[Collected data]
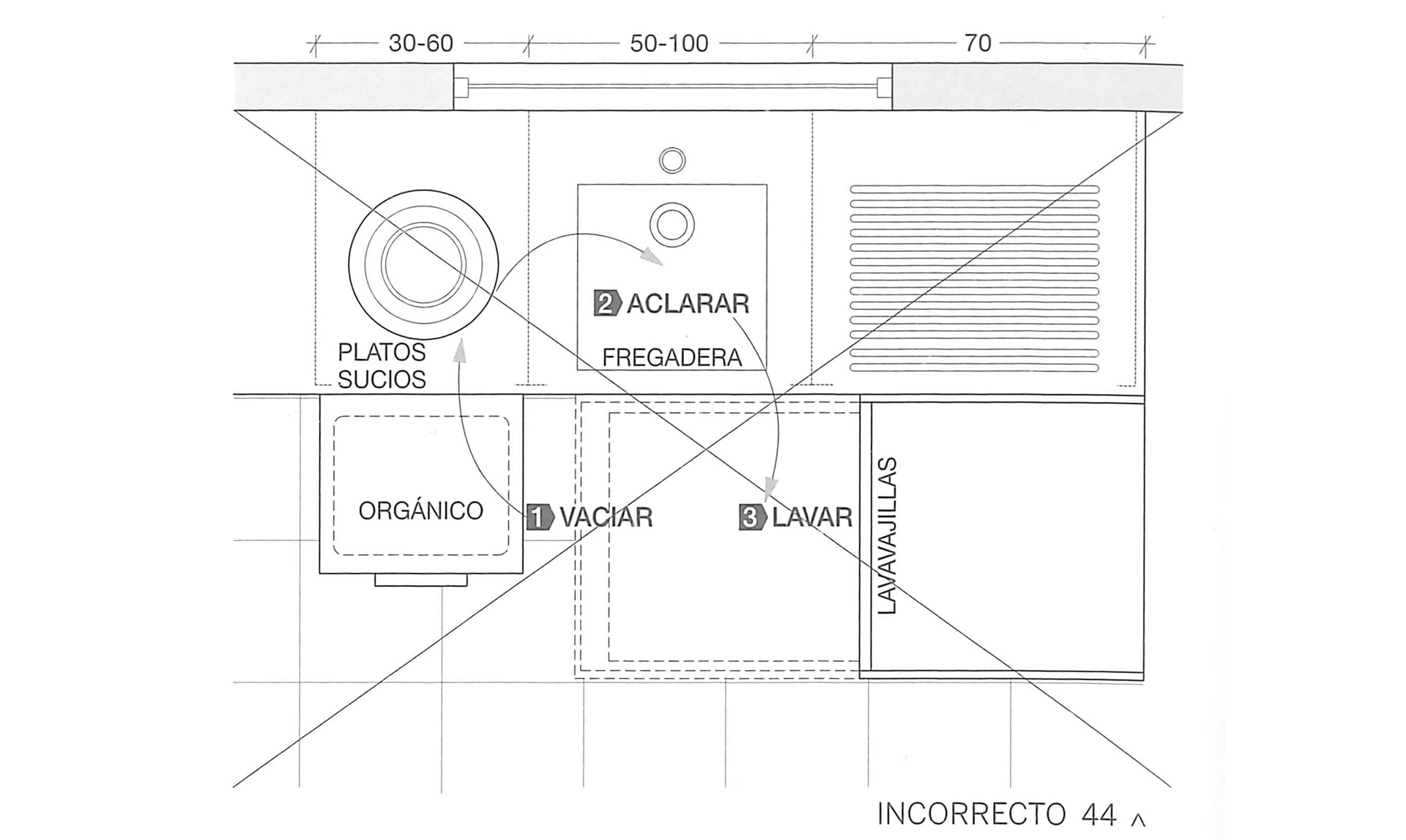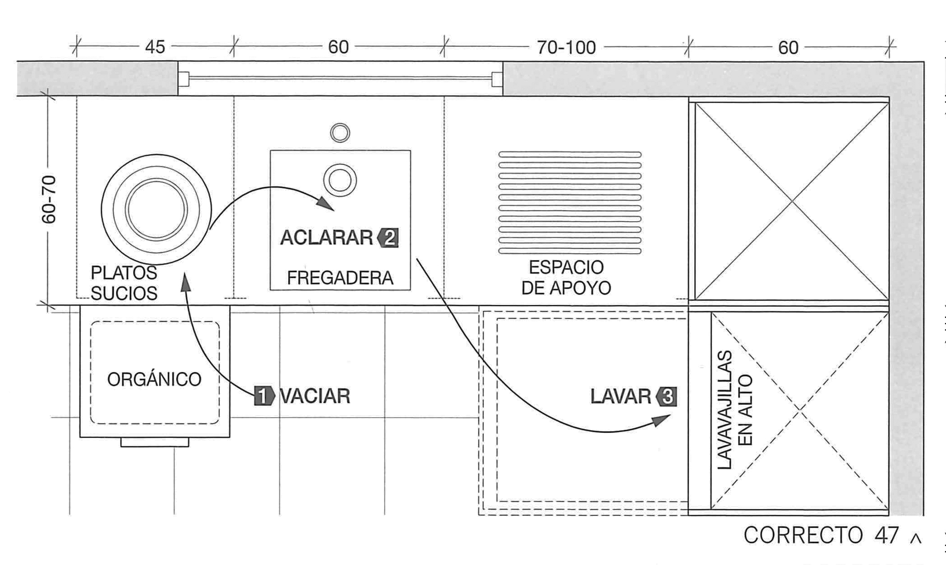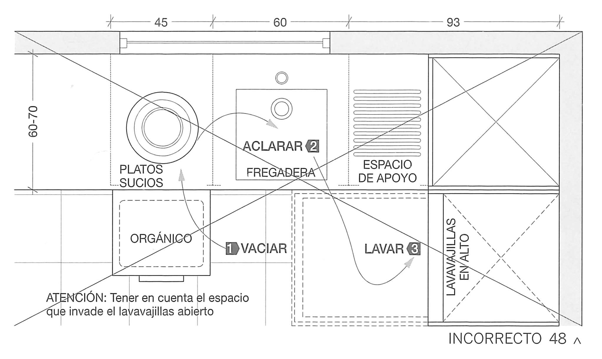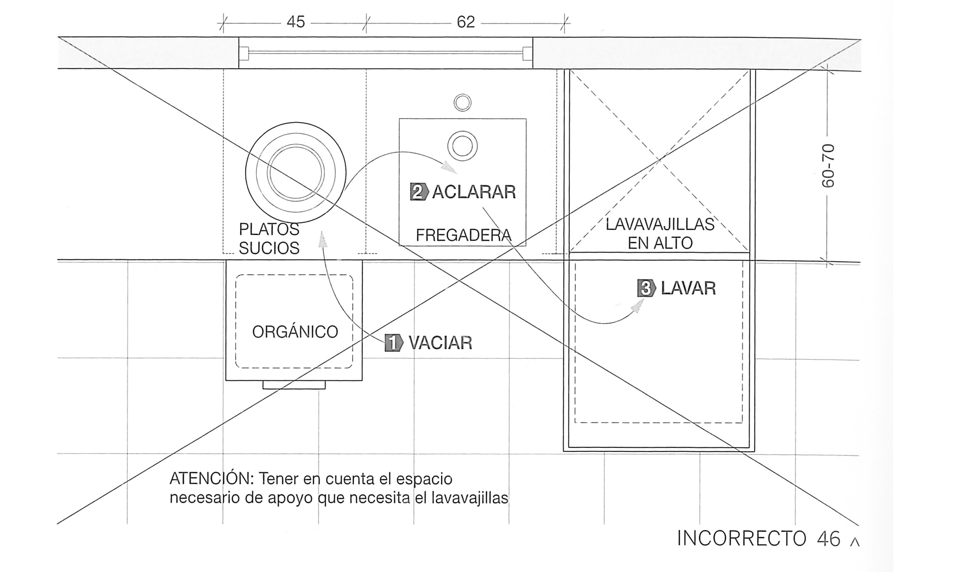 En aquest cas, la distribució de l’espai no facilita la seqüència de rentada perquè la porta del rentavaixella, disposat a altura, impedeix executar còmodament el circuit.Com es pot observar, no queda espai per a estar dempeus manipulant els plats i altres utensilis davant de l’aigüera.
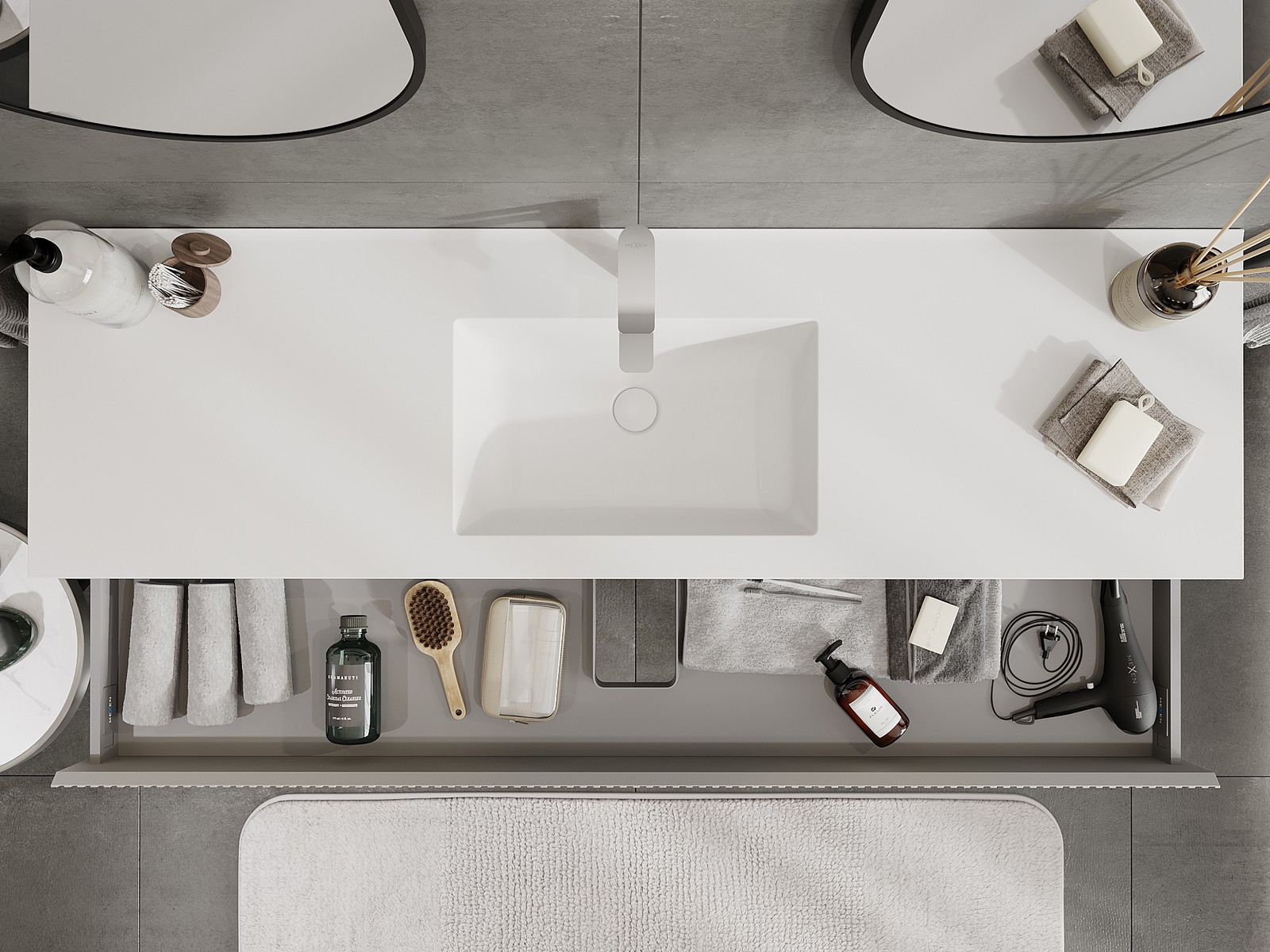 Naše modulárne kúpeľňové nábytkové prvky možno kombinovať v rôznych farebných konfiguráciách, čo umožňuje úplnú personalizáciu. Môžete si vybrať vzhľad aj funkcie jednotlivých prvkov, čo umožňuje prispôsobiť nábytok vašim vlastným štýlovým a používateľským preferenciám.
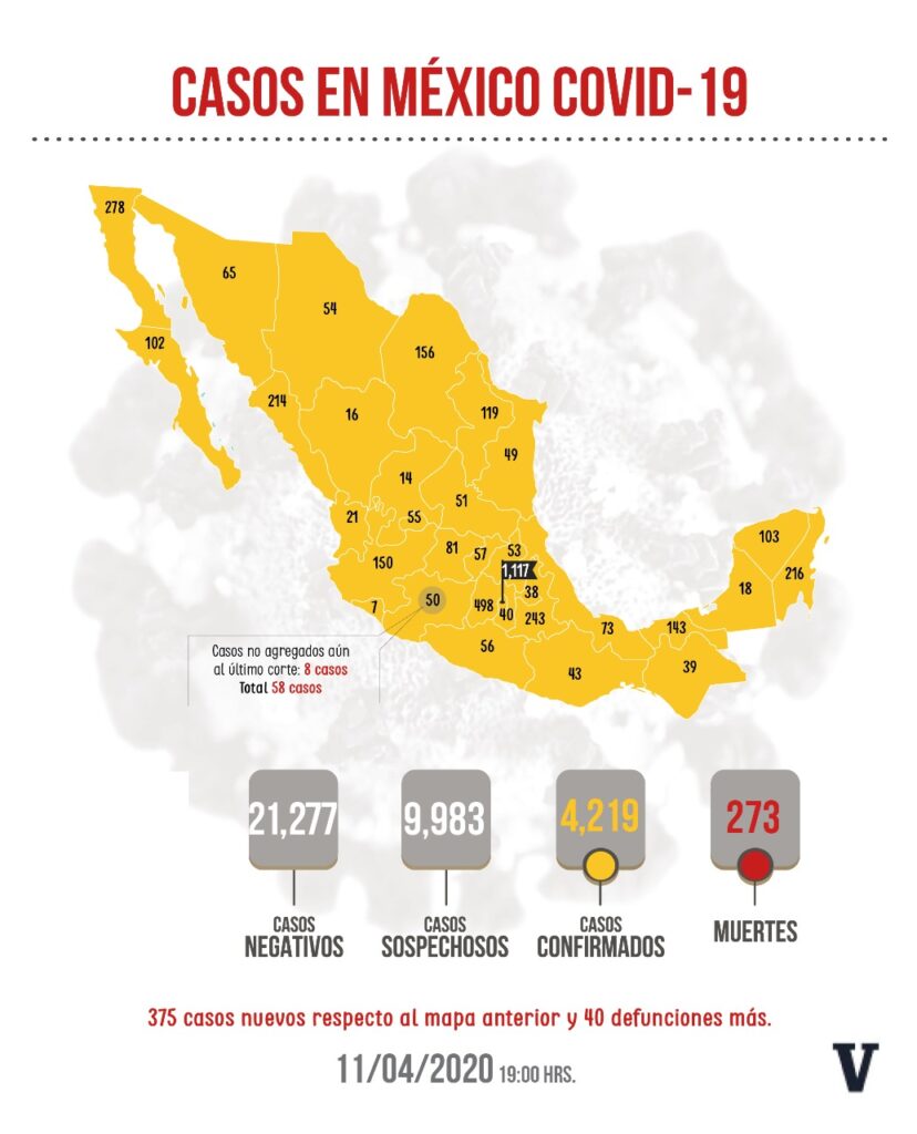 Redacción / La Voz de Michoacán Ciudad de México. Hasta este sábado, en México se registran 4 mil 219 casos confirmados de COVID-19, es decir 375 más en las últimas 24 horas, y 273 muertes, 40 más en un día, reportó el director general de Epidemiología de la Secretaría de Salud (Ssa) federal, José Luis Alomía. En conferencia de prensa, José Luis Alomía detalló que también se han registrado 21 mil 277 casos negativos y 9 mil 983 mil sospechosos, cuyo estado de salud se definirá en las próximas 24 horas. Asimismo, se han estudiado a 35 mil 479 personas. Agregó que los adultos mayores siguen reportando la mayor carga de enfermedad grave, por lo que hizo un llamado a que este grupo etario atienda a la Jornada Nacional de Sana Distancia. Las entidades con más contagios son la Ciudad de México (1,117), Estado de México (498); Baja California (278); Puebla (243); Quintana Roo (216); Sinaloa (214); Coahuila (156); Jalisco (150); Tabasco (143); Nuevo León (119); Yucatán (103) y Baja California Sur (102). Siguen Guanajuato (81); Veracruz (73); Sonora (65); Michoacán (58, aunque el gobierno federal reporta 50 casos); Querétaro (57); Guerrero (56); Aguascalientes (55); Chihuahua (54); Hidalgo (53) y San Luis Potosí (51). Los 11 estados restantes registran menos de 50 casos. De los 4 mil 219 casos confirmados en el país, 33 por ciento ha requerido hospitalización, y de estos, 440 fueron reportados como estables, 769 como graves y 165 fueron intubados. Del total de contagios en el país, 42 por ciento ya se ha recuperado a la enfermedad de COVID-19, mientras que 52 por ciento está todavía en aislamiento. Las comorbilidades más comunes presentes en los casos de fallecimiento son hipertensión, diabetes y obesidad. Este sábado, la Secretaría de Relaciones Exteriores (SRE) dio a conocer que hasta la noche del viernes se habían repatriado a 8 mil 880 mexicanos que permanecían varados en distintas partes del mundo, debido a la propagación del Covid-19. Destacó la SRE que aún quedan 2 mil 842 compatriotas que buscan la manera de salir del lugar en el que se encuentran.
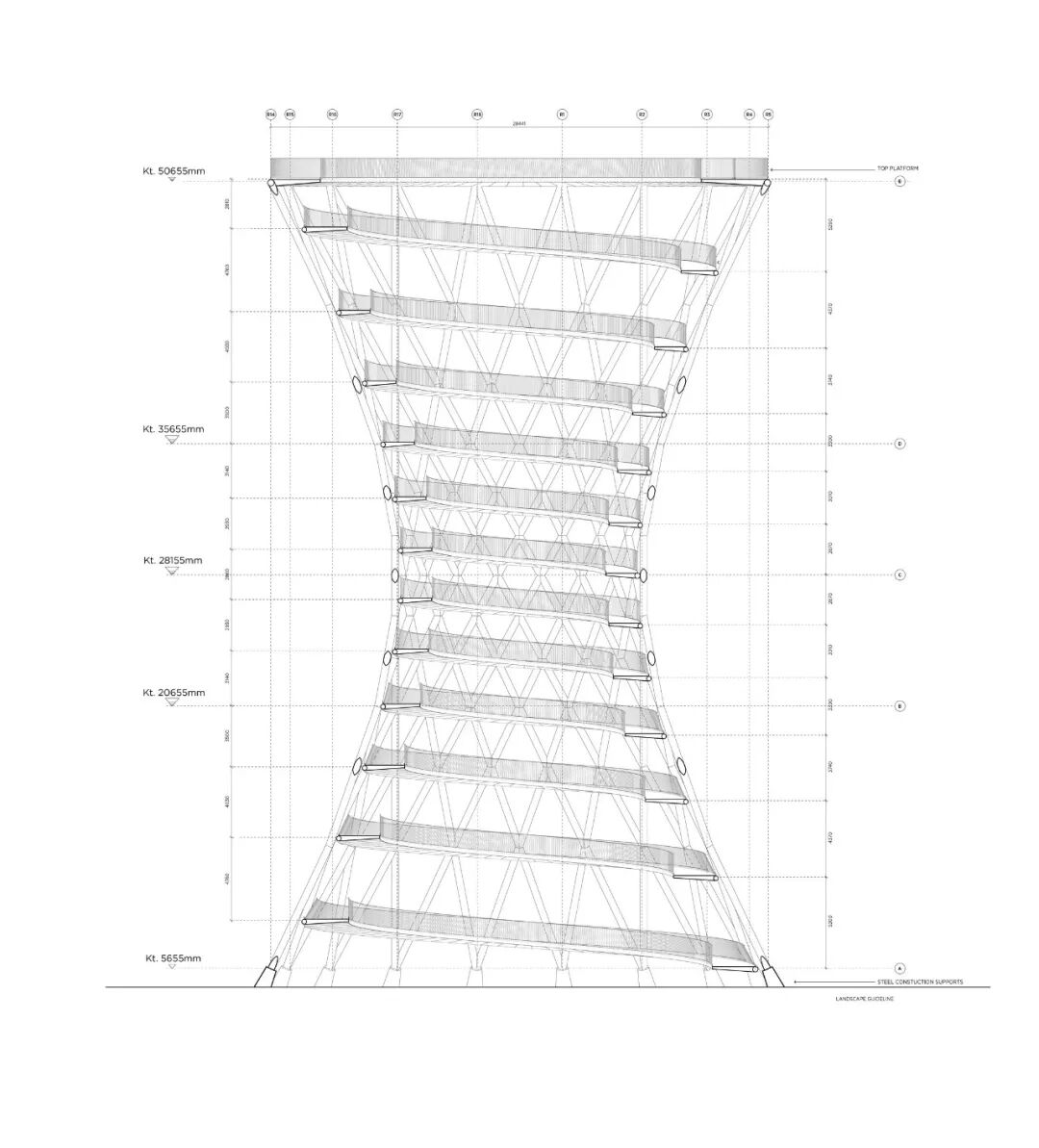 工程师和建筑师还致力于优化钢材的使用,通过数字驱动的程式确定了45米的最佳塔楼高度。塔身几何形态也通过坡道倾斜度需求来确定,以期所有访客都能够漫步上观景台。我们还使用脚步模拟软件帮助计算访客在复杂步道上行走的舒适度。

[Problem requirements]
Write the material out again exactly. Skip each picture.

[Result of the exercise]
 En aquest cas, la distribució de l’espai no facilita la seqüència de rentada perquè la porta del rentavaixella, disposat a altura, impedeix executar còmodament el circuit.Com es pot observar, no queda espai per a estar dempeus manipulant els plats i altres utensilis davant de l’aigüera.
 Naše modulárne kúpeľňové nábytkové prvky možno kombinovať v rôznych farebných konfiguráciách, čo umožňuje úplnú personalizáciu. Môžete si vybrať vzhľad aj funkcie jednotlivých prvkov, čo umožňuje prispôsobiť nábytok vašim vlastným štýlovým a používateľským preferenciám.
 Redacción / La Voz de Michoacán Ciudad de México. Hasta este sábado, en México se registran 4 mil 219 casos confirmados de COVID-19, es decir 375 más en las últimas 24 horas, y 273 muertes, 40 más en un día, reportó el director general de Epidemiología de la Secretaría de Salud (Ssa) federal, José Luis Alomía. En conferencia de prensa, José Luis Alomía detalló que también se han registrado 21 mil 277 casos negativos y 9 mil 983 mil sospechosos, cuyo estado de salud se definirá en las próximas 24 horas. Asimismo, se han estudiado a 35 mil 479 personas. Agregó que los adultos mayores siguen reportando la mayor carga de enfermedad grave, por lo que hizo un llamado a que este grupo etario atienda a la Jornada Nacional de Sana Distancia. Las entidades con más contagios son la Ciudad de México (1,117), Estado de México (498); Baja California (278); Puebla (243); Quintana Roo (216); Sinaloa (214); Coahuila (156); Jalisco (150); Tabasco (143); Nuevo León (119); Yucatán (103) y Baja California Sur (102). Siguen Guanajuato (81); Veracruz (73); Sonora (65); Michoacán (58, aunque el gobierno federal reporta 50 casos); Querétaro (57); Guerrero (56); Aguascalientes (55); Chihuahua (54); Hidalgo (53) y San Luis Potosí (51). Los 11 estados restantes registran menos de 50 casos. De los 4 mil 219 casos confirmados en el país, 33 por ciento ha requerido hospitalización, y de estos, 440 fueron reportados como estables, 769 como graves y 165 fueron intubados. Del total de contagios en el país, 42 por ciento ya se ha recuperado a la enfermedad de COVID-19, mientras que 52 por ciento está todavía en aislamiento. Las comorbilidades más comunes presentes en los casos de fallecimiento son hipertensión, diabetes y obesidad. Este sábado, la Secretaría de Relaciones Exteriores (SRE) dio a conocer que hasta la noche del viernes se habían repatriado a 8 mil 880 mexicanos que permanecían varados en distintas partes del mundo, debido a la propagación del Covid-19. Destacó la SRE que aún quedan 2 mil 842 compatriotas que buscan la manera de salir del lugar en el que se encuentran.
 工程师和建筑师还致力于优化钢材的使用,通过数字驱动的程式确定了45米的最佳塔楼高度。塔身几何形态也通过坡道倾斜度需求来确定,以期所有访客都能够漫步上观景台。我们还使用脚步模拟软件帮助计算访客在复杂步道上行走的舒适度。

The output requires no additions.